(SEBUAH LANDASAN UTAMA)
Bagaimanakah pandangan Islam terhadap makan dan minum?
Islam memiliki pandangan yang sangat jelas terhadap makanan dan minuman. Terbukti dengan adanya ayat dalam Al-Qur’an serta Hadist Nabi yang secara khusus menjelaskan tentang permasalahan ini. Perhatian Al-Quran terhadap makanan sedemikian besar, sampai-sampai menurut pakar tafsir Ibrahim bin Umar Al-Biqa'i, "Telah menjadi kebiasaan Allah dalam Al-Quran bahwa Dia menyebut diri-Nya sebagai Yang Maha Esa, serta membuktikan hal tersebut melalui uraian tentang ciptaan-Nya, kemudian memerintahkan untuk makan (atau menyebut makanan)." Memang, tidak semua masalah makanan dan minuman yang berkaitan dengan kehidupan modern ini harus ditemukan argumentasinya secara khusus dari kedua sumber ajaran tersebut. Menurut Quraish Shihab (1997) argumentasi dapat ditemukan melalui pemahaman terhadap jiwa ajaran agama serta tujuan-tujuan pokok syariat (maqashid al-syari’ah).
Bagaimana Al-Qur’an menyebut makanan dan minuman?
Makanan atau tha'am dalam bahasa Al-Quran adalah segala sesuatu yang dimakan atau dicicipi. Karena itu "minuman" pun termasuk dalam pengertian tha'am. Al-Quran surat Al-Baqarah ayat 249, menggunakan kata syariba (minum) dan yath'am (makan) untuk objek berkaitan dengan air minum. Kata tha'am dalam berbagai bentuknya terulang dalam Al-Quran sebanyak 48 kali yang antara lain berbicara tentang berbagai aspek berkaitan dengan makanan. Belum lagi ayat-ayat lain yang menggunakan kosa kata selainnya.
Adakah perbedaan pendapat dari para Ulama tentang makanan dan minuman ini?

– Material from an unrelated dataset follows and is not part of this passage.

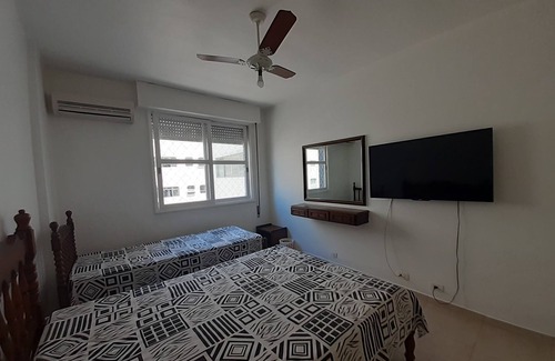 The apartment has two bedrooms plus a bedroom and a bathroom, large living room with two rooms, kitchen and complete service area, including maid's. With wi-fi, air conditioning and ceiling fans in all environments. Sleeps up to eight people in comfort. It is on the 10th floor, providing beautiful views of the sea. Private elevator. Building with swimming pool and a place marked in the garage.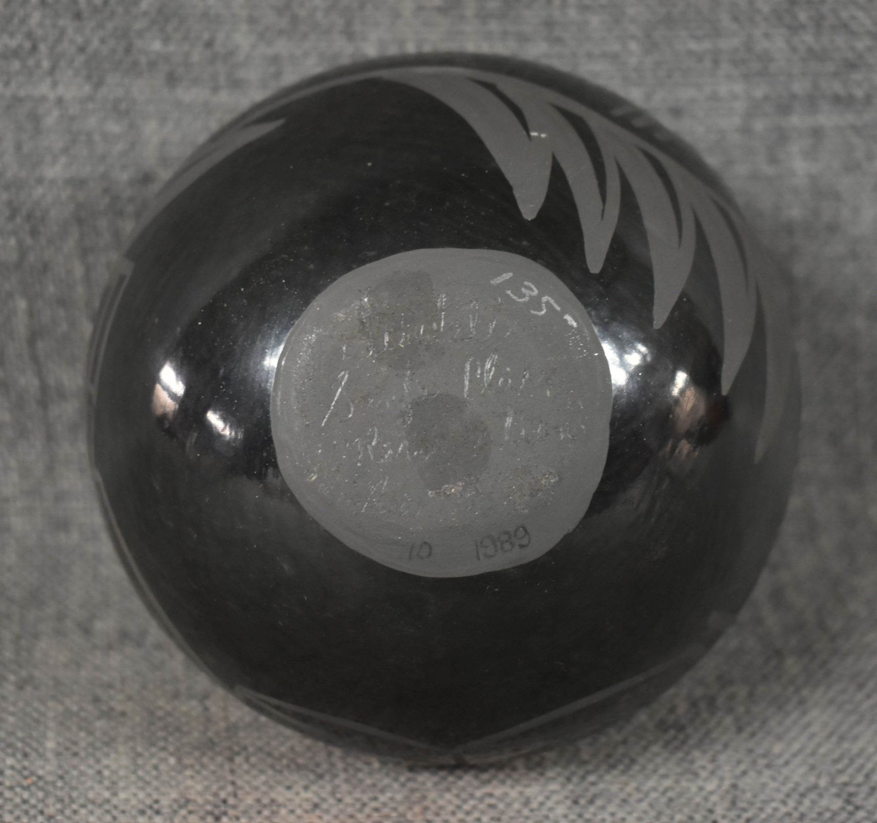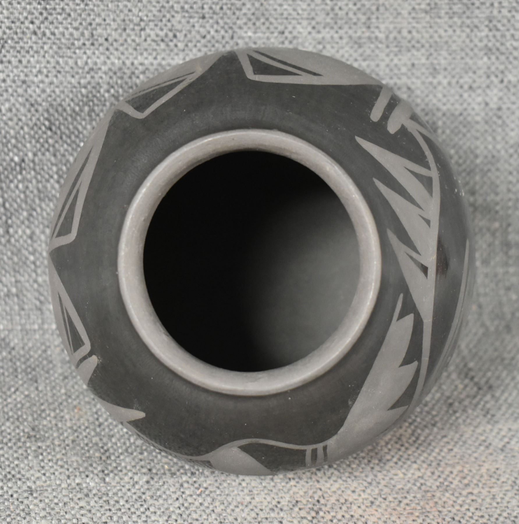 1989 Santa Clara, hand coiled with matte on black painted geometric design by Birdell, 4.5" x 4.5"

Pada kasus-kasus tertentu tidak dapat disangkal bahwa muncul berbagai penilaian yang berbeda-beda pada ulama. Makanan dan minuman yang berupa tumbuh-tumbuhan, tidak banyak diperselisihkan. Islam tidak mengharamkan kecuali setelah menjadi arak, baik yang terbuat dari anggur, korma, gandum ataupun bahan-bahan lainnya, selama benda-benda tersebut sudah mencapai kadar memabukkan. Begitu juga Islam mengharamkan semua benda yang dapat menghilangkan kesadaran dan melemahkan urat serta yang membahayakan tubuh. Adapun soal makanan berupa binatang inilah yang terus diperselisihkan.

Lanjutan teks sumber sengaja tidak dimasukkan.